## [What to work on]
Could the listing below be reproduced exactly, minus its pictures?

## [Exercise data]
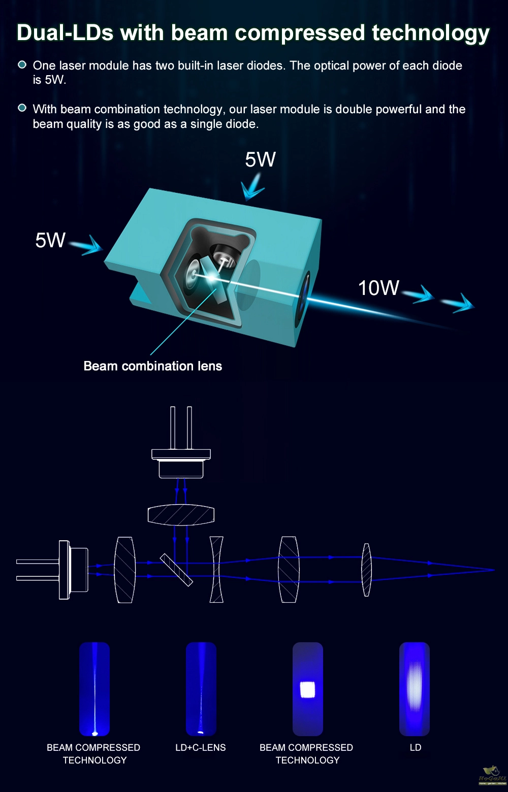 With beam combination technology, our laser module is double powerful and the beam quality is as good as a single diode.
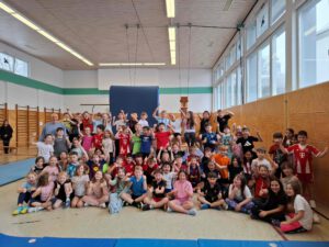Nach 4 Jahren Pause konnten sich die Viertklässler in diesem Jahr endlich wieder mit einer großen Abschlussfeier in der Stadthalle von ihrer Grundschulzeit verabschieden. Alle 73 Kinder waren an der Aufführung des Musicals “Jedes Kind kann irgendwas” beteiligt. Es war eine super Aufführung und ein großer Erfolg. Den tosenden Applaus werden die Kinder hoffentlich nie vergessen.
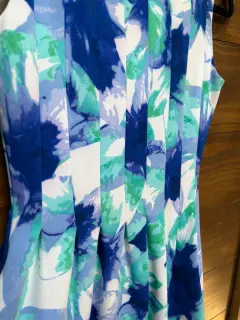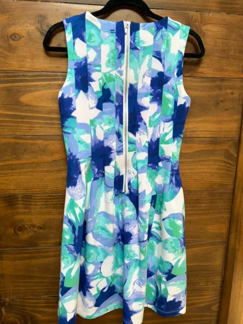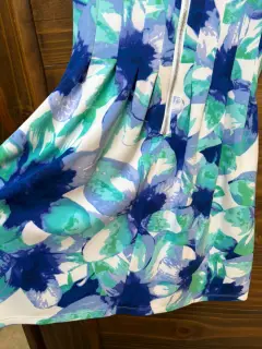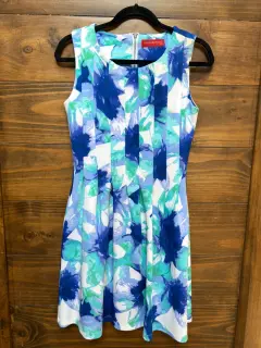 Vestido estampado floral. Vestido sin mangas con cuello en V con corte acinturado y falda en línea A con vuelo gracias a sus tablones. La tela es ligeramente expandible y tiene forro. Largo a la rodilla, se compró en Liverpool y se usó una sola vez en un bautizo por unas horas. Recibió muchos cumplidos por su color y diseño.

## [Solution for this task]
 With beam combination technology, our laser module is double powerful and the beam quality is as good as a single diode.
Nach 4 Jahren Pause konnten sich die Viertklässler in diesem Jahr endlich wieder mit einer großen Abschlussfeier in der Stadthalle von ihrer Grundschulzeit verabschieden. Alle 73 Kinder waren an der Aufführung des Musicals “Jedes Kind kann irgendwas” beteiligt. Es war eine super Aufführung und ein großer Erfolg. Den tosenden Applaus werden die Kinder hoffentlich nie vergessen.
 Vestido estampado floral. Vestido sin mangas con cuello en V con corte acinturado y falda en línea A con vuelo gracias a sus tablones. La tela es ligeramente expandible y tiene forro. Largo a la rodilla, se compró en Liverpool y se usó una sola vez en un bautizo por unas horas. Recibió muchos cumplidos por su color y diseño.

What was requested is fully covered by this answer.